* **About this task**:
Give an exact copy of the data that follows, but none of its pictures.

* **Available data**:
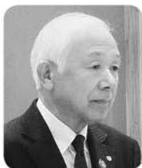
菊 川 町 長

町 長 18歳までの医療費助成については、政府の経済財政諮問会議において、幼児教育や高等教育の無料化に関する方針が示されたことなど、国による子どもへの政策が進められていることから、町としても、国の動向を見極めながら、今後の支援策を考えてまいります。
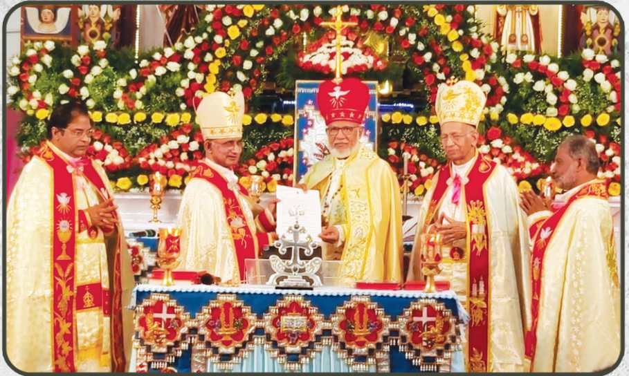
മേജർ ആർക്കി എപ്പിസ്കോപ്പൽ തീർത്ഥാടനകേന്ദ്രമായി പ്രഖ്യാപിച്ച ആരക്കുഴ ദൈവാലയം

* **Solution to the problem**:
菊 川 町 長

町 長 18歳までの医療費助成については、政府の経済財政諮問会議において、幼児教育や高等教育の無料化に関する方針が示されたことなど、国による子どもへの政策が進められていることから、町としても、国の動向を見極めながら、今後の支援策を考えてまいります。
മേജർ ആർക്കി എപ്പിസ്കോപ്പൽ തീർത്ഥാടനകേന്ദ്രമായി പ്രഖ്യാപിച്ച ആരക്കുഴ ദൈവാലയം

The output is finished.